WHAT NEEDS TO BE DONE: For this exercise, repeat exactly the lines below starting at the line holding "Инертті газдардың атомдары" and ending at the line holding "Uncovered a concrete", both included, with no extra lines and no pictures.

AVAILABLE DATA:

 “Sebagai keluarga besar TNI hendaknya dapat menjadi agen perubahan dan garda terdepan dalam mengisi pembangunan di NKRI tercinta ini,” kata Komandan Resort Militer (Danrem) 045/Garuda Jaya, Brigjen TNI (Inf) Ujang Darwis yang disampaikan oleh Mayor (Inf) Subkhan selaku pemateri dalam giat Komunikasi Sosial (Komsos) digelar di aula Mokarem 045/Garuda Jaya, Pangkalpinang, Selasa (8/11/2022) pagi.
==
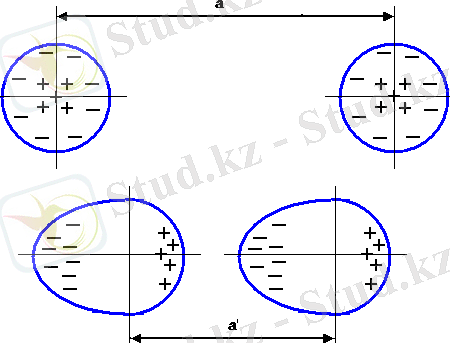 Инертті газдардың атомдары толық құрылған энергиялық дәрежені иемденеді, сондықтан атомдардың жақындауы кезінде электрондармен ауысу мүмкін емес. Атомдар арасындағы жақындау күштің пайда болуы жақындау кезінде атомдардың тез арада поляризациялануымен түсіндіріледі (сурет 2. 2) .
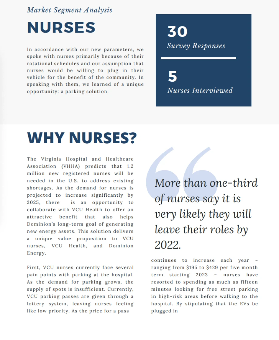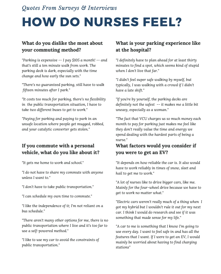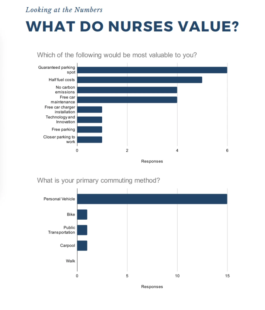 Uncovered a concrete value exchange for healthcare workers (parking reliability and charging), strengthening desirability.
==
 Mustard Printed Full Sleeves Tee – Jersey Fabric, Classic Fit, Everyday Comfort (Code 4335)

TASK SOLUTION:
 Инертті газдардың атомдары толық құрылған энергиялық дәрежені иемденеді, сондықтан атомдардың жақындауы кезінде электрондармен ауысу мүмкін емес. Атомдар арасындағы жақындау күштің пайда болуы жақындау кезінде атомдардың тез арада поляризациялануымен түсіндіріледі (сурет 2. 2) .
 Uncovered a concrete value exchange for healthcare workers (parking reliability and charging), strengthening desirability.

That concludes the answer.